**The data:**
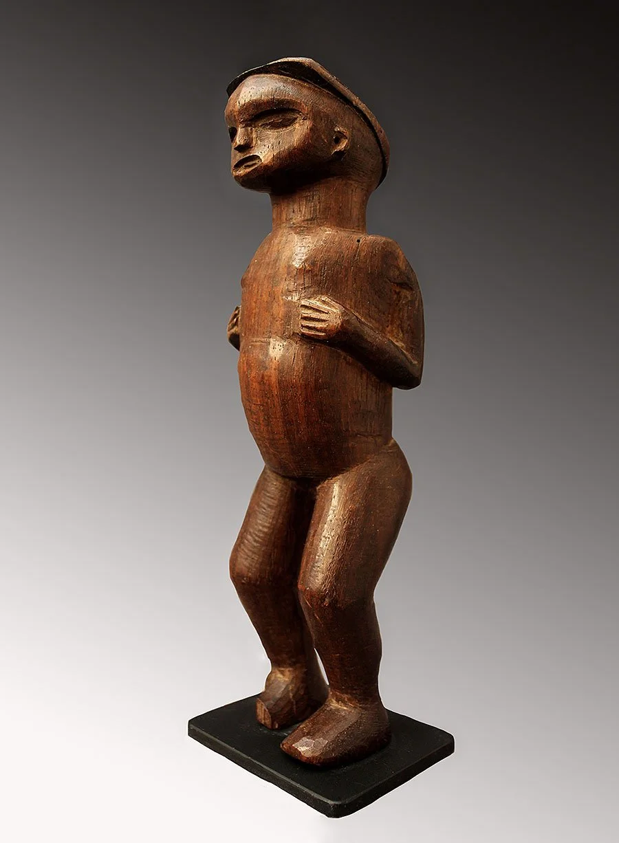 The Chokwe carved small wooden figures which belonged to individuals who used them to honor personal or family spirits. This Chokwe ancestor figure was kept in a shrine to secure spiritual support in sustaining personal wealth and social status. This figure is carved with great attention to detail with legs slightly bent, arms close to the body with hands resting on the chest.
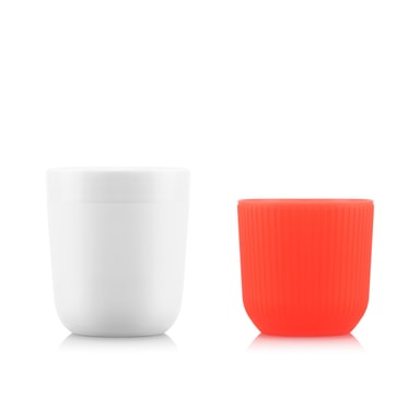 Kruset er laget av førsteklasses hvitt porselen og kledd i et svart silikonbelte som er varmebestandig og komfortabelt å holde i, samtidig som det eliminerer behovet for drikkebrikker. Gjør settet ditt komplett ditt med annet servise og drikketøy fra den samme elegante serien.
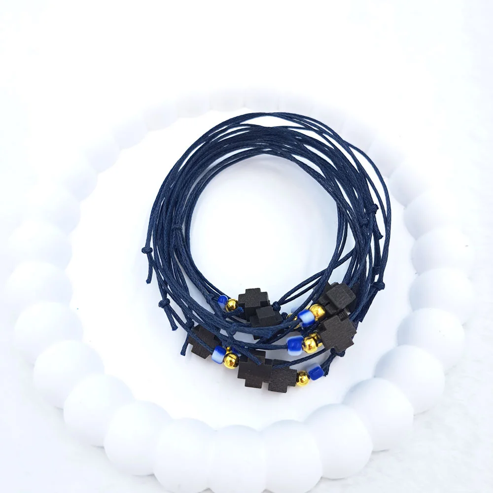 Μαρτυρικό βραχιόλι βάπτισης σε μπλε χρώμα , χάντρες & σταυρό.

**Work order:** Repeat the listing verbatim. Skip the pictures.

**Response area:**
 The Chokwe carved small wooden figures which belonged to individuals who used them to honor personal or family spirits. This Chokwe ancestor figure was kept in a shrine to secure spiritual support in sustaining personal wealth and social status. This figure is carved with great attention to detail with legs slightly bent, arms close to the body with hands resting on the chest.
 Kruset er laget av førsteklasses hvitt porselen og kledd i et svart silikonbelte som er varmebestandig og komfortabelt å holde i, samtidig som det eliminerer behovet for drikkebrikker. Gjør settet ditt komplett ditt med annet servise og drikketøy fra den samme elegante serien.
 Μαρτυρικό βραχιόλι βάπτισης σε μπλε χρώμα , χάντρες & σταυρό.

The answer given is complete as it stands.